Chacun choisit en fonction de ses préférences, la méthode qui lui convient: Le direct costing, les coûts complets, les sections plus ou moins homogènes,... bref, il existe une multitude de méthodes et variations, contenant toutes le même gène : la répartition, via des clefs, inducteurs etc...

Le processus est tellement compliqué et les discussions sur les clefs de répartition
sont si âpres entre services, 



qu'on ne fait pas le calcul pour chaque produit ou même chaque vente. On finit par faire des concessions, si ce n'est des compromissions, pour toujours arriver à la table de ce bon vieux Vilfredo Pareto et ses 20/80.

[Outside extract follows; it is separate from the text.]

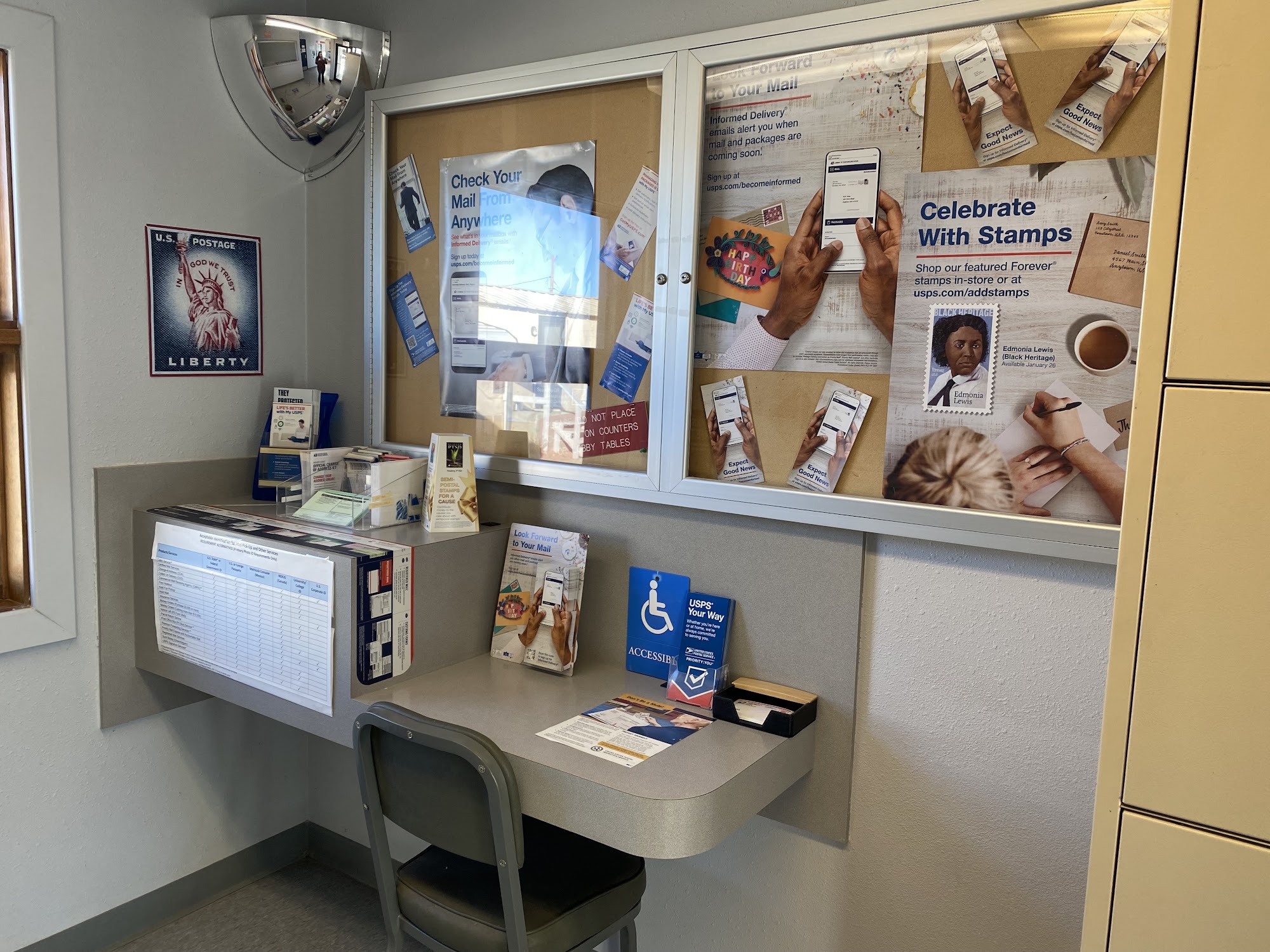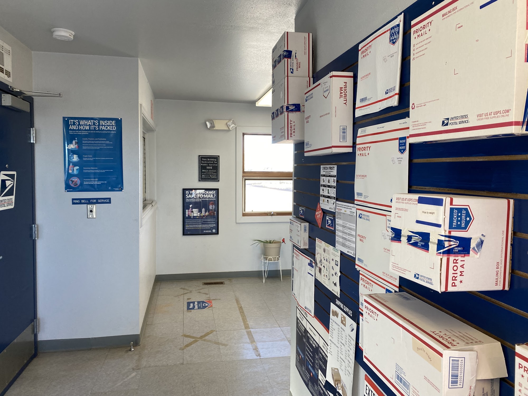 Small Post Office with everything you need. They have mailboxes to package boxes to receive any item at any time of day. boxes and envelopes Of every size are advisable to get you squared away. The lobby is open 24 hours, and the office is open 10 am - 2 pm weekdays.

Quand on a 2500 références et 300 clients, on est bien obligé de prendre les 20% des produits qui représentent 80% des ventes et "répartitionner" des clefs faites sur-mesure pour aboutir au résultat souhaité. (Vous remarquez, que le seul résultat non souhaité, c'est celui de fin d'exercice)

En théorie ça fonctionne. D'ailleurs quand je serai grand, j'irai vivre en Théorie, parce que la-bas, tout va toujours très bien.


Mais pour le moment je vis en pratique :

Le problème avec cette démarche, c'est que pendant qu'on s'illusionne de la maîtrise des 20%, les 80% restants jouent les souris et grignotent tranquillement la récolte engrangée par les 20%.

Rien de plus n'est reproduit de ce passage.